Most of the ways to do what you are requesting is probably due to adding rules to the built-in functions (e.g. Integrate , CDF , PDF , etc.), which may not be a very good option. Here's a slightly softer way using stunt-based Block macros:
ClearAll[withIntegrationRule]; SetAttributes[withIntegrationRule, HoldAll]; withIntegrationRule[code_] := Block[{CDF, PDF, Integrate, NormalDistribution}, Integrate[ CDF[NormalDistribution[0, 1], \[Alpha]_ + \[Beta]_ x_] PDF[ NormalDistribution[\[Mu]_, \[Sigma]_], x_], {x_, -\[Infinity], \[Infinity]}] := CDF[NormalDistribution[0, 1], (\[Alpha] + \[Beta] \[Mu])/ Sqrt[1 + \[Beta]^2 \[Sigma]^2]]; code];
Here is how we can use it:
In[27]:= withIntegrationRule[a=Integrate[CDF[NormalDistribution[0,1],\[Alpha]+\[Beta] x] PDF[NormalDistribution[\[Mu],\[Sigma]],x],{x,-\[Infinity],\[Infinity]}]]; a Out[28]= 1/2 Erfc[-((\[Alpha]+\[Beta] \[Mu])/(Sqrt[2] Sqrt[1+\[Beta]^2 \[Sigma]^2]))]

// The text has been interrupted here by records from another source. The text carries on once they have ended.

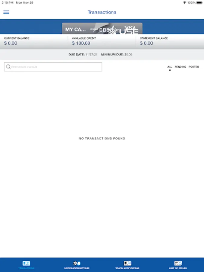 • View recent and pending transactions.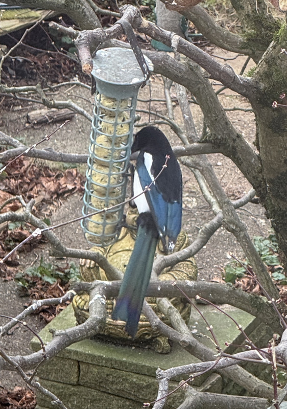Finally managed to get a couple of photos of one of the magpies that visit - they’re very wary, I’ve tried getting a photo by just poking the phone above the bottom of the window, but they spot any movement and they’re off!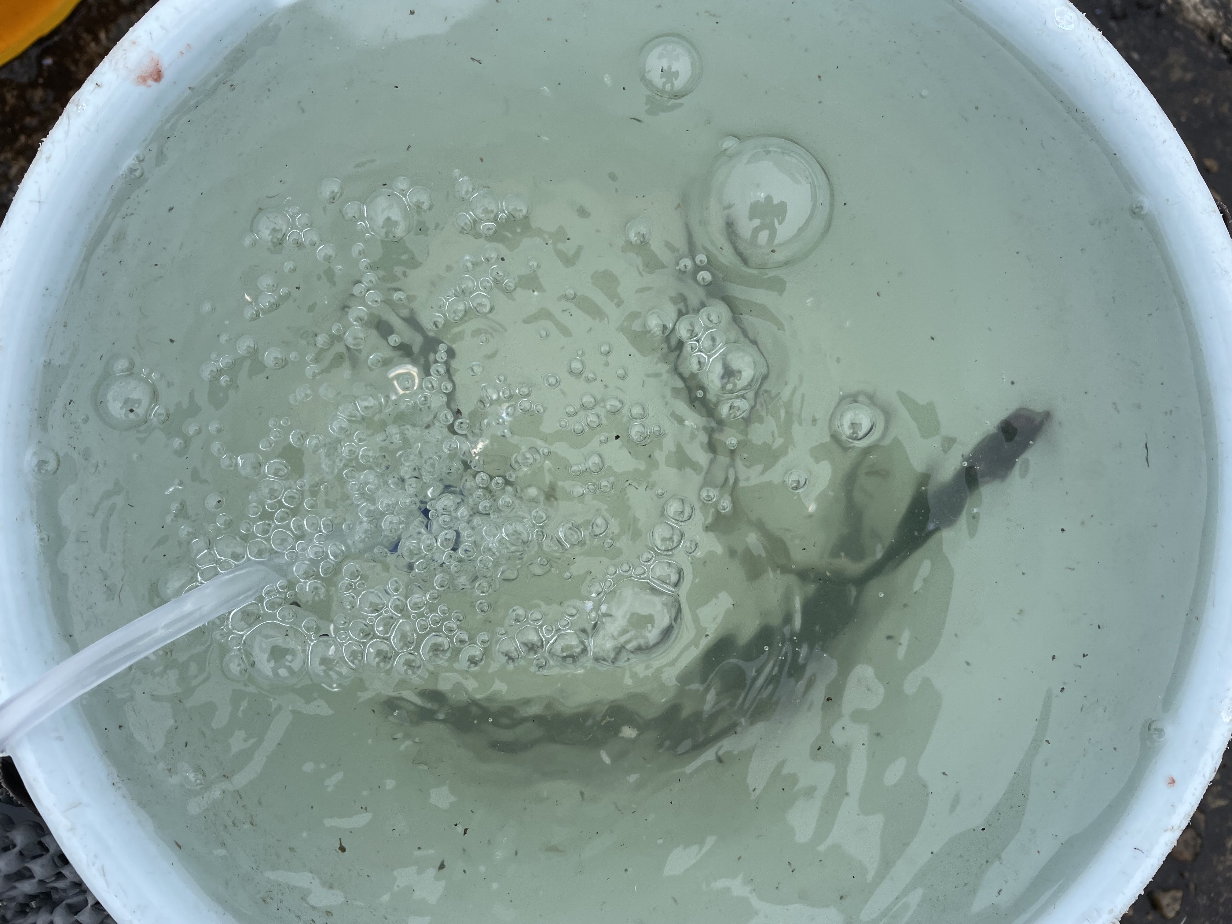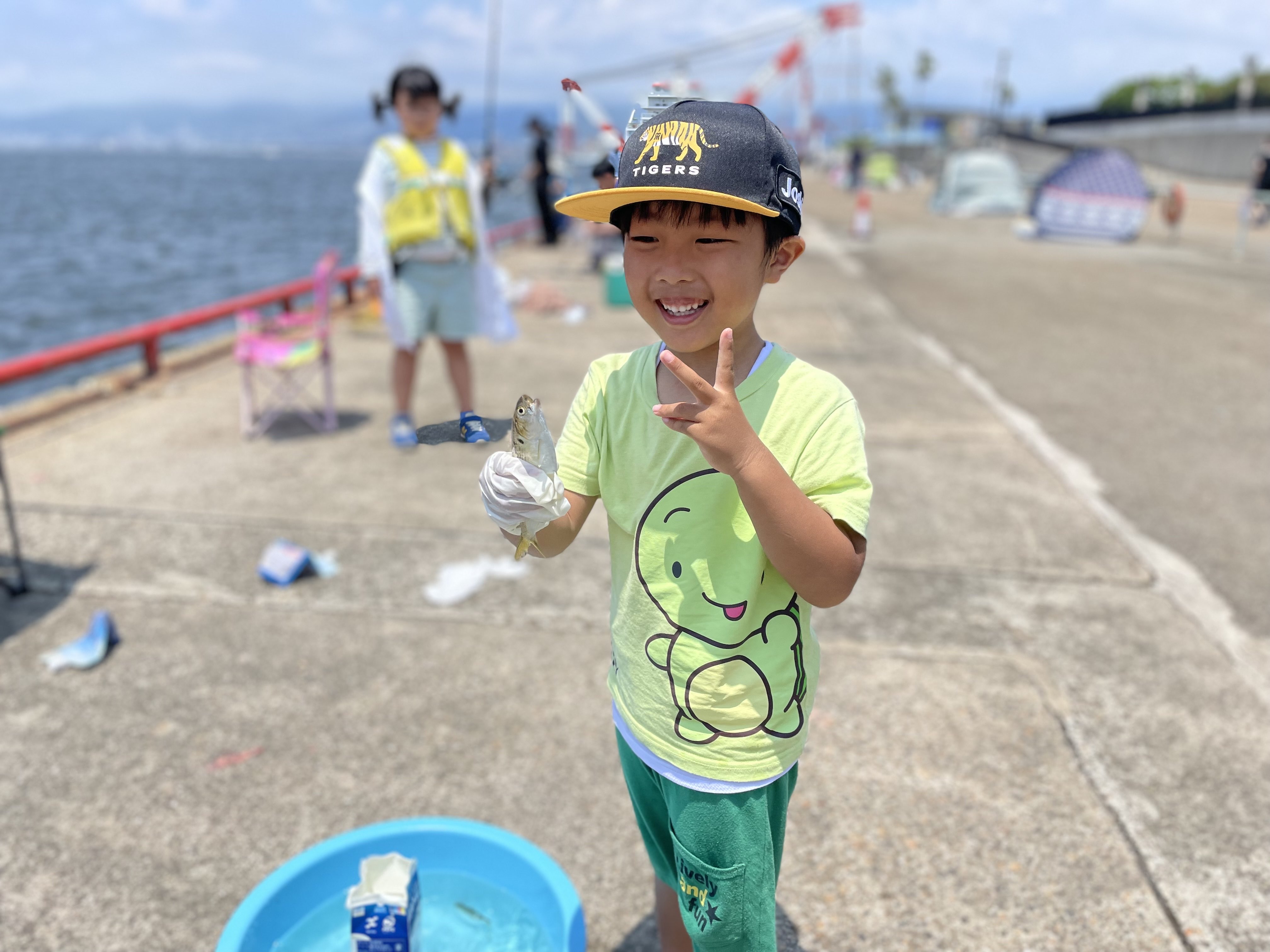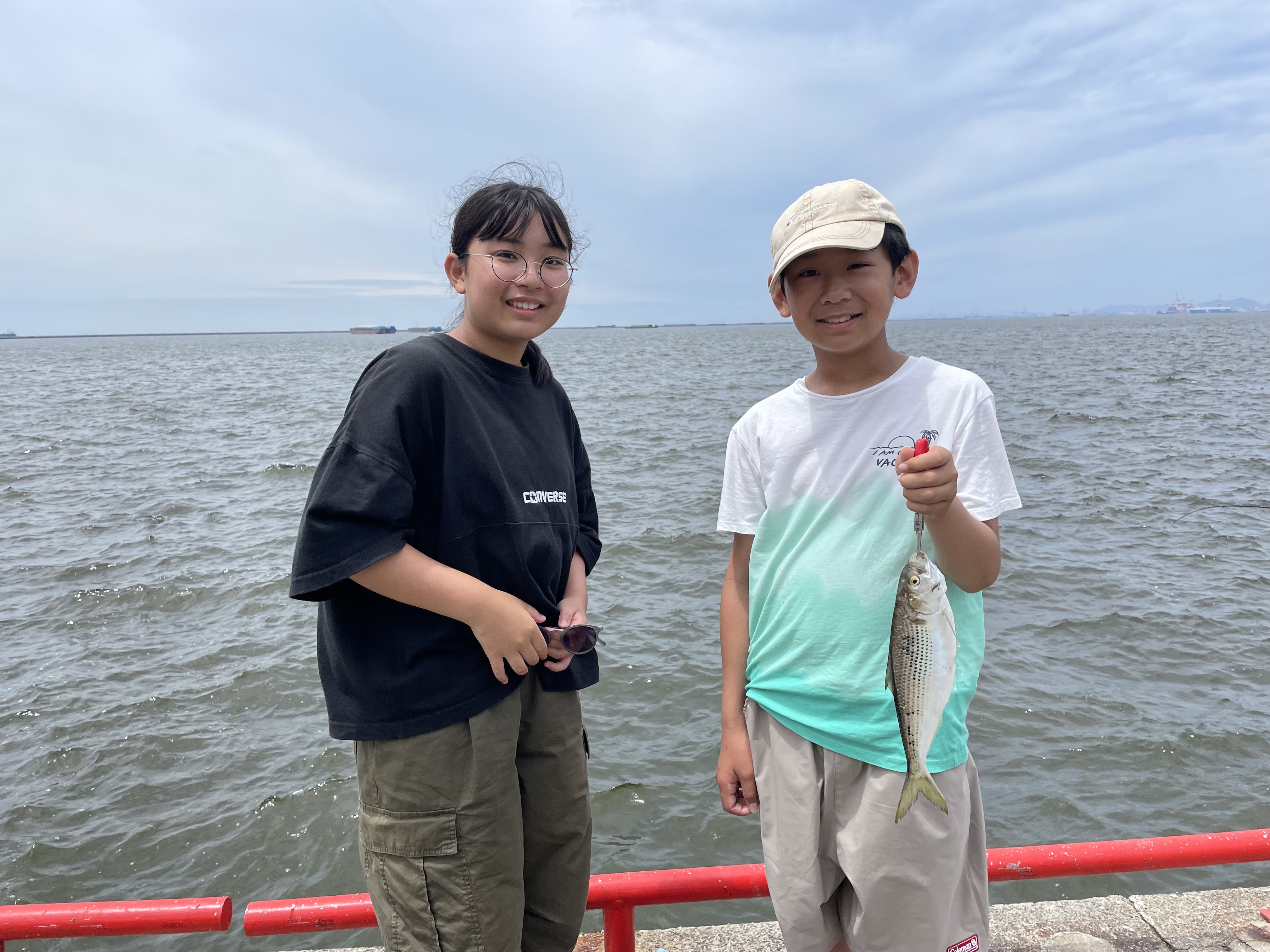 サビキ釣りは今日は場所ムラがあるみたいで、開園から2時間ほどの間にアジを10匹ほどゲットしたラッキーBOYSたちがいました。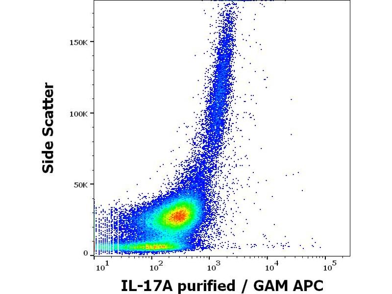 Interleukin 17A,Interleukin 17A (IL-17A) is a proinflammatory cytokine produced by activated T cells. IL-17A-mediated downstream pathways induce the production of inflammatory molecules, chemokines, antimicrobial peptides, and remodeling proteins. It plays an important role in connecting T cell-mediated adaptive immunity and acute inflammatory response to destroy extracellular bacteria and fungi. It is the signature effector cytokine of Th17 cells, and in this role it primarily induces neutrophil activation and recruitment at infection and inflammatory sites. High levels of IL-17A are associated with rheumatoid arthritis, psoriasis, multiple sclerosis, and another inflammatory diseases, including lung injugy during severe COVID 19. This cytokine also contributes to germinal center formation by regulating the chemotactic response of B cells to CXCL12 and CXCL13, enhancing retention of B cells within the germinal centers, B cell somatic hypermutation rate and selection toward plasma cells. It is an effector cytokine for invariant NKT cells (iNKT), and it is involved in epithelial barrier formation upon injury.,Interleukin 17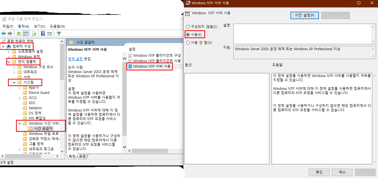 4. gpedit.msc를 실행하여 컴퓨터 구성 - 관리 템플릿 - 시스템 - Windows 시간서비스 - 시간공급자 -

When our rule does not match, it will still work, automatically switching to the regular evaluation route:
In[36]:= Block[{$Assumptions = \[Alpha]>0&&\[Beta]==0&&\[Mu]>0&&\[Sigma]>0}, withIntegrationRule[b=Integrate[CDF[NormalDistribution[0,1],\[Alpha]+\[Beta] x] PDF[NormalDistribution[\[Mu],\[Sigma]],x],{x,0,\[Infinity]}]]] Out[36]= 1/4 (1+Erf[\[Alpha]/Sqrt[2]]) (1+Erf[\[Mu]/(Sqrt[2] \[Sigma])])
where I set \[Alpha] to 0 under assumptions to make integration possible in closed form.
Another alternative would be to implement your own special purpose integrator.